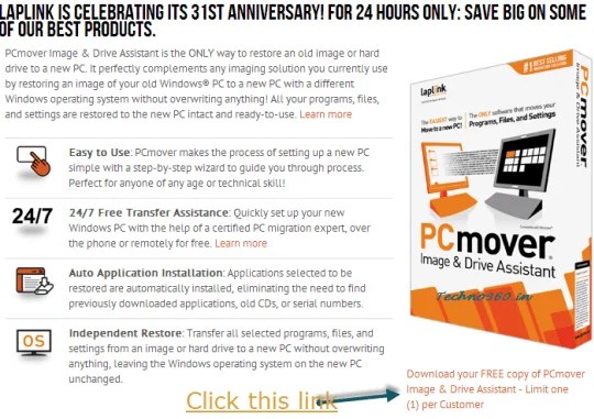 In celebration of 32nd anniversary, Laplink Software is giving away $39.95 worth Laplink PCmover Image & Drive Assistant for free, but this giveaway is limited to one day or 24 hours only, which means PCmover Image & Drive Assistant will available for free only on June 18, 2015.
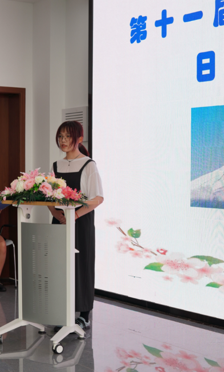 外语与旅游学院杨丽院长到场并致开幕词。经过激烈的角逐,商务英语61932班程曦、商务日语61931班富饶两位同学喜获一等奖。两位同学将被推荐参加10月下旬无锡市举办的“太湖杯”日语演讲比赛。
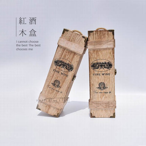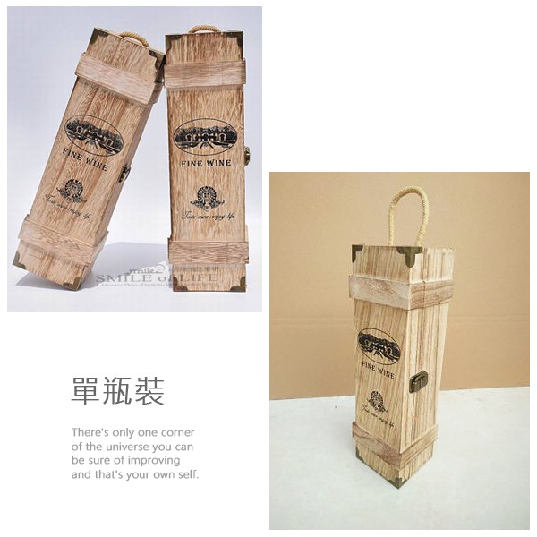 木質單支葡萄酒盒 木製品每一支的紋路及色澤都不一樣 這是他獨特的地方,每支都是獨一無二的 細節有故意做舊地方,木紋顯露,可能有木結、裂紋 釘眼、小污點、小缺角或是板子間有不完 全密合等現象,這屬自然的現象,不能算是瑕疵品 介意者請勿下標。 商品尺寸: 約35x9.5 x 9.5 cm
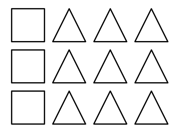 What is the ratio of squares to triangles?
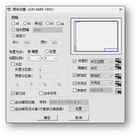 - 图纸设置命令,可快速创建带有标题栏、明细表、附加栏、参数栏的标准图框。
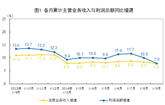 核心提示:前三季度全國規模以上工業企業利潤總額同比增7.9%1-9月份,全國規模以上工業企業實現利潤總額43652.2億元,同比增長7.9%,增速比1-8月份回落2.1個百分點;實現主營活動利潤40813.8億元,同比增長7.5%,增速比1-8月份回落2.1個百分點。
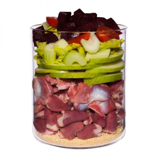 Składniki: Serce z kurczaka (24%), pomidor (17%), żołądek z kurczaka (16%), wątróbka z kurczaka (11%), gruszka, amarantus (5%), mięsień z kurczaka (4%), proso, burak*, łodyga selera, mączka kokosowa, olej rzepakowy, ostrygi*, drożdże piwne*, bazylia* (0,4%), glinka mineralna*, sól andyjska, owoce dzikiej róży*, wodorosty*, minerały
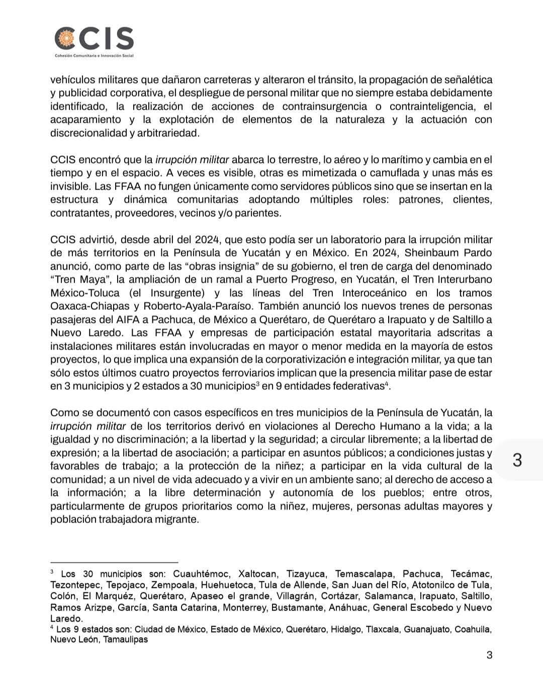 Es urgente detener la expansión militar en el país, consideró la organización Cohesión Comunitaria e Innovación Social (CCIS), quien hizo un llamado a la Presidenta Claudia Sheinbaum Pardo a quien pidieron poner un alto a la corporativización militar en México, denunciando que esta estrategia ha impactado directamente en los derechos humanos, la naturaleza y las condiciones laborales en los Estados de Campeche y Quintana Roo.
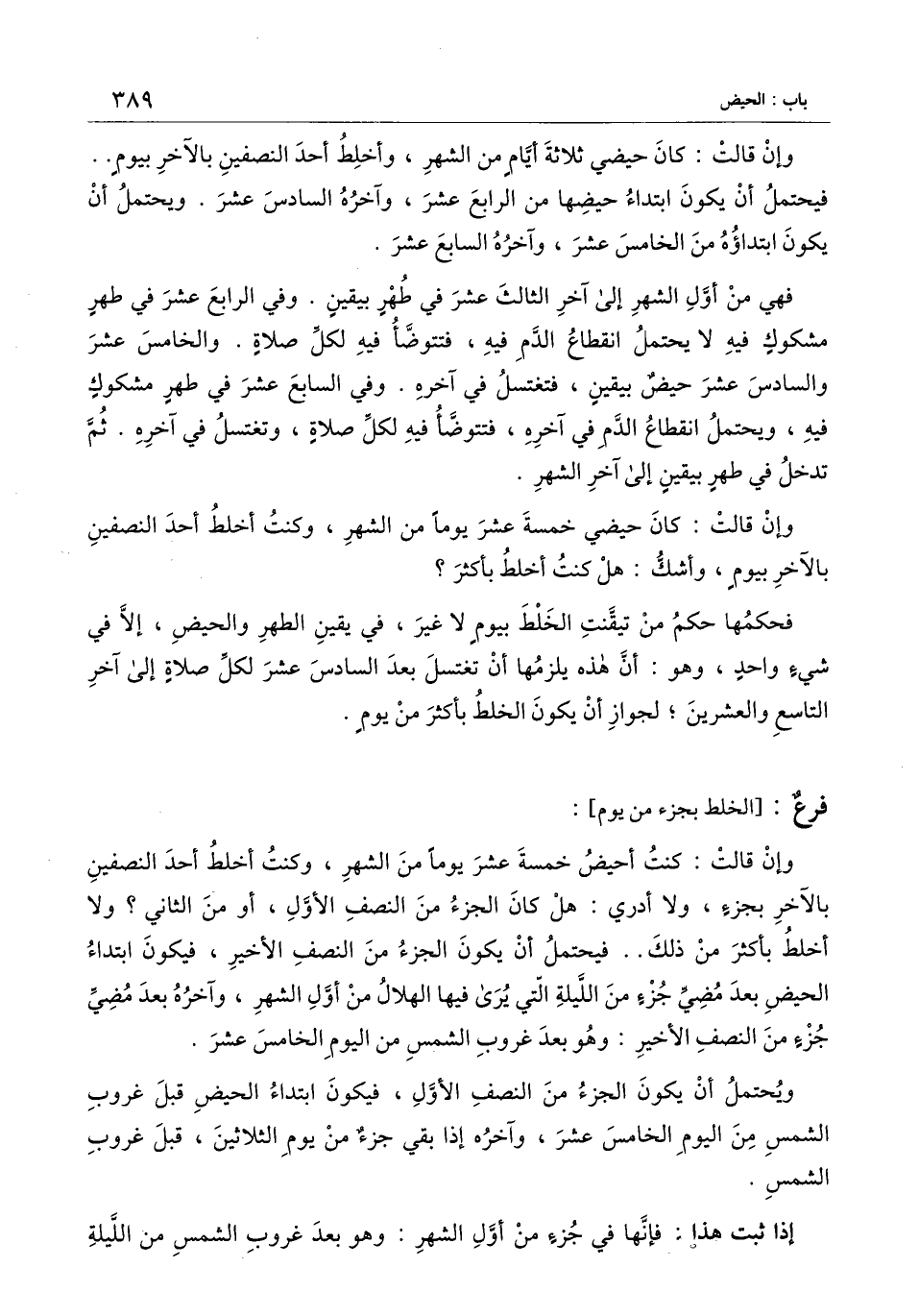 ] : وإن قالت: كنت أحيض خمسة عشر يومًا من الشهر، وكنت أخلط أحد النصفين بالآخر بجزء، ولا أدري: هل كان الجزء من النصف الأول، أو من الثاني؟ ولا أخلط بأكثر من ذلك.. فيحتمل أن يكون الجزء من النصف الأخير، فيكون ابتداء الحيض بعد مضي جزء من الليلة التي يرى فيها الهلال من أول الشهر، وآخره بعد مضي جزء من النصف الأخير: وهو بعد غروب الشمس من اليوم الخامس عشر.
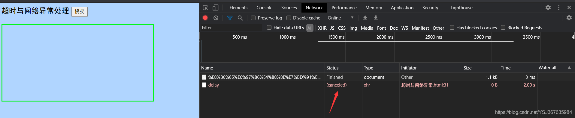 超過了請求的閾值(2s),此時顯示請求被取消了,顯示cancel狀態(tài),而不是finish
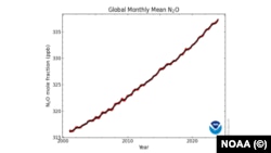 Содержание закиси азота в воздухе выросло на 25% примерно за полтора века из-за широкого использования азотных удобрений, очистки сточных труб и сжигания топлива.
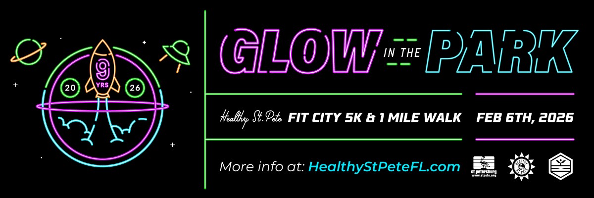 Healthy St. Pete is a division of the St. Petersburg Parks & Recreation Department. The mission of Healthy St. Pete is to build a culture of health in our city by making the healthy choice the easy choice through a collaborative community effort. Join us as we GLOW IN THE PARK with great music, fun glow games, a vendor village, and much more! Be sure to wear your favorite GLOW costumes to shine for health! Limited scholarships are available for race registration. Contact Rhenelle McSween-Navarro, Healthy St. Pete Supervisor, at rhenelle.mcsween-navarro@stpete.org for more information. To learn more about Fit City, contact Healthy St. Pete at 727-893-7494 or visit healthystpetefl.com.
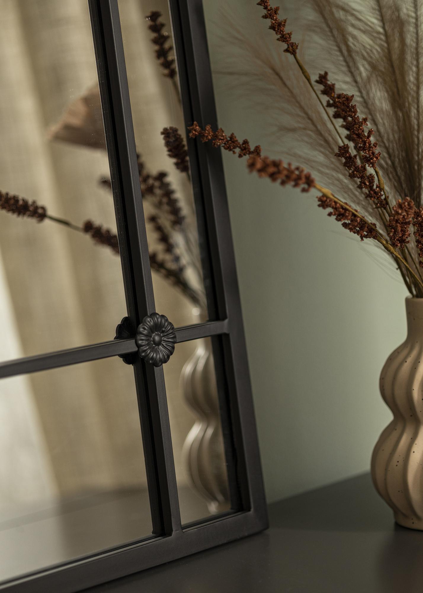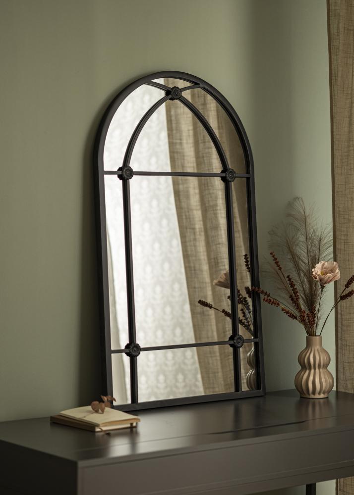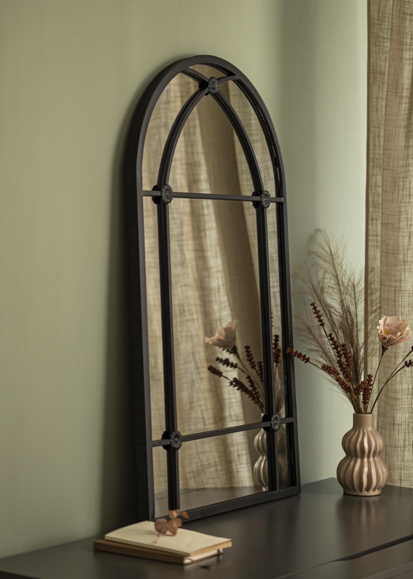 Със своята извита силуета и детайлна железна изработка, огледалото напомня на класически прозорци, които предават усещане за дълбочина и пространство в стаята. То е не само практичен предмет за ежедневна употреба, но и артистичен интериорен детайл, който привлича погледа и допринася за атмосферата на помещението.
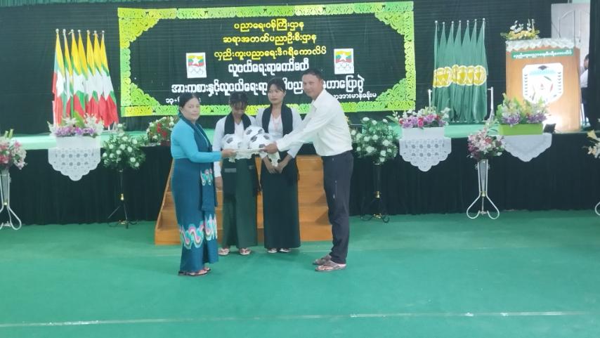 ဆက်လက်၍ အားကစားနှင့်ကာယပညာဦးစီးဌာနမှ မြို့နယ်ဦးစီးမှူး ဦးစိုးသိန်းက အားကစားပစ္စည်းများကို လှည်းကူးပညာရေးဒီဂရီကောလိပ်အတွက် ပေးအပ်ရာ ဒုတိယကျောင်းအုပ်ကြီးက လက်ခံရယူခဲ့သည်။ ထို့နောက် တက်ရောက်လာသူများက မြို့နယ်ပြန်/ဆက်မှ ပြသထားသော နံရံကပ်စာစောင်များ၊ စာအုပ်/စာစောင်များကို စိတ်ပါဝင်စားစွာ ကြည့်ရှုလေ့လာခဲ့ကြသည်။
┄┄┄┄┄┄┄┄┄┄
• Activity:
Using the entries above, extract exactly the lines from the one that contains "- 图纸设置命令,可快速创建带有标题栏、明细表、附加栏、参数栏的标准图框。" through the one that contains "Składniki: Serce z". Do not carry over any pictures.

• Exercise output:
 - 图纸设置命令,可快速创建带有标题栏、明细表、附加栏、参数栏的标准图框。
 核心提示:前三季度全國規模以上工業企業利潤總額同比增7.9%1-9月份,全國規模以上工業企業實現利潤總額43652.2億元,同比增長7.9%,增速比1-8月份回落2.1個百分點;實現主營活動利潤40813.8億元,同比增長7.5%,增速比1-8月份回落2.1個百分點。
 Składniki: Serce z kurczaka (24%), pomidor (17%), żołądek z kurczaka (16%), wątróbka z kurczaka (11%), gruszka, amarantus (5%), mięsień z kurczaka (4%), proso, burak*, łodyga selera, mączka kokosowa, olej rzepakowy, ostrygi*, drożdże piwne*, bazylia* (0,4%), glinka mineralna*, sól andyjska, owoce dzikiej róży*, wodorosty*, minerały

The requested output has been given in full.